I upgraded from an Athlon II X3 435 to a Phenom II X6 1055T last year on my primary Windows 10 machine at home. I'm very pleased. This will last me years. This was a cheap upgrade since all I needed to do was update the BIOS and drop in the new (old) CPU. I had upgraded to 8 GB and SSD years ago, and that's all I need on this machine.
Note though this is used mainly just for business applications (including Office and VPN), mail, and surfing, with rare Netflix 1080p. The Athlon II 435 could do those tasks, but was a bit laggy at times, whereas I have no such complaints with the Phenom II 1055T. Also note though my other desktop sitting right beside it is a 5K 27" Mac with an i5 7600, so I do have a bit more power available to me if need be. I actually had an i7-7700K iMac first, but it was too loud under load, so I returned it and got the i5.
My main laptop is a MacBook Core m3-7Y32. I'm extremely pleased with that too. Silence is golden.
As you can see, not all of us need so much computing power.

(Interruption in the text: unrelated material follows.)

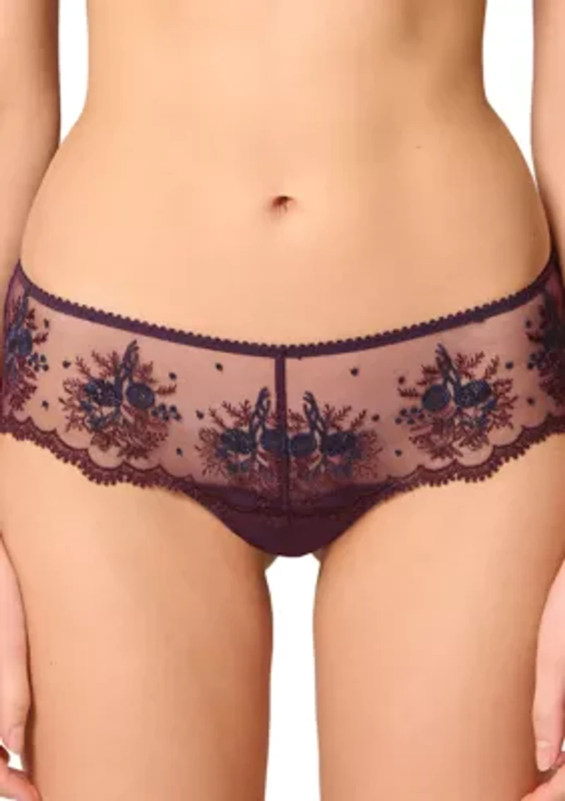 Feminine and flattering, this Simone Perele low-rise boyshort features floral embroidery on sheer tulle in the front and a seamless folded tulle back for a smooth, invisible finish under clothing. Decorative elastic waistband Imported Material & Care Nylon, elastane, polyester; 100% cotton gusset Hand wash

Fast forward to May 2020 and I’m still on the same setup. I expect my Phenom II X6 1055T to last me at least another few years. Whereas the Athlon II X3 435 was a bit annoying at times, none of those annoyances exist with the Phenom II X6. I find it rather telling that many desktops in 2020 are being sold with performance benchmarks in the same ballpark as these chips.
BTW, in addition to the machines above, we’re using:
Core 2 Duo 2.0 GHz: 2008 aluminum MacBook in kitchen (macOS 10.13 High Sierra)
Core 2 Duo 2.26 GHz: 2009 aluminum MacBook Pro in guest room (macOS 10.13 High Sierra)
I also have a Core 2 Duo 2.4 GHz 2008 white MacBook with SSD and 4 GB RAM that I couldn’t install High Sierra on, so I converted it to Chrome OS. It works fine for that in terms of performance, but I have some WiFi flakiness which prevents it from being a true portable machine. It might be a compatibility issue with my multi-Airport Extreme setup, since WiFi works perfectly under OS X.
For the three Core 2 Duo machines, they are too slow for surfing if ads are allowed, but with AdBlock in Chrome, performance is fine. I’ve discovered that this particular browser and ad blocker combination has very good site compatibility.
OTOH, I have a Windows 10 laptop with Pentium SU4100 and 4 GB RAM, but even with SSD, that thing is basically unusable. Way, way too slow.
EDIT:
Geekbench 5 multi-core scores:
360: Pentium SU4100
530: Core 2 Duo 2.0 GHz P7350
600: Core 2 Duo 2.26 GHH P8400
660: Core 2 Duo 2.4 GHz T8300
1050: Athlon II X3 435
1650: Core m–7Y32
2000: Phenom II X6 1055T
3800: Core i5-7600
BTW, my wife’s iPad 7 10.2” gets about 1430, and my iPad Pro 10.5” gets about 2300. The iPad 7 is very decent for surfing, and my iPad Pro 10.5” is excellent IMO.
Thus in 2020, I think for entry level 1400+ is adequate, and 2000+ is good for a business user. So, for a mainstream business desktop, a Core i3-7100, which scores up to around 2400, would likely usually be sufficient, as long as it’s outfitted with 8-16 GB RAM and SSD. The Core i3-7100 also supports hardware h.265 decode and Netflix 4K streaming DRM (as long as the motherboard supports HDMI 2.0).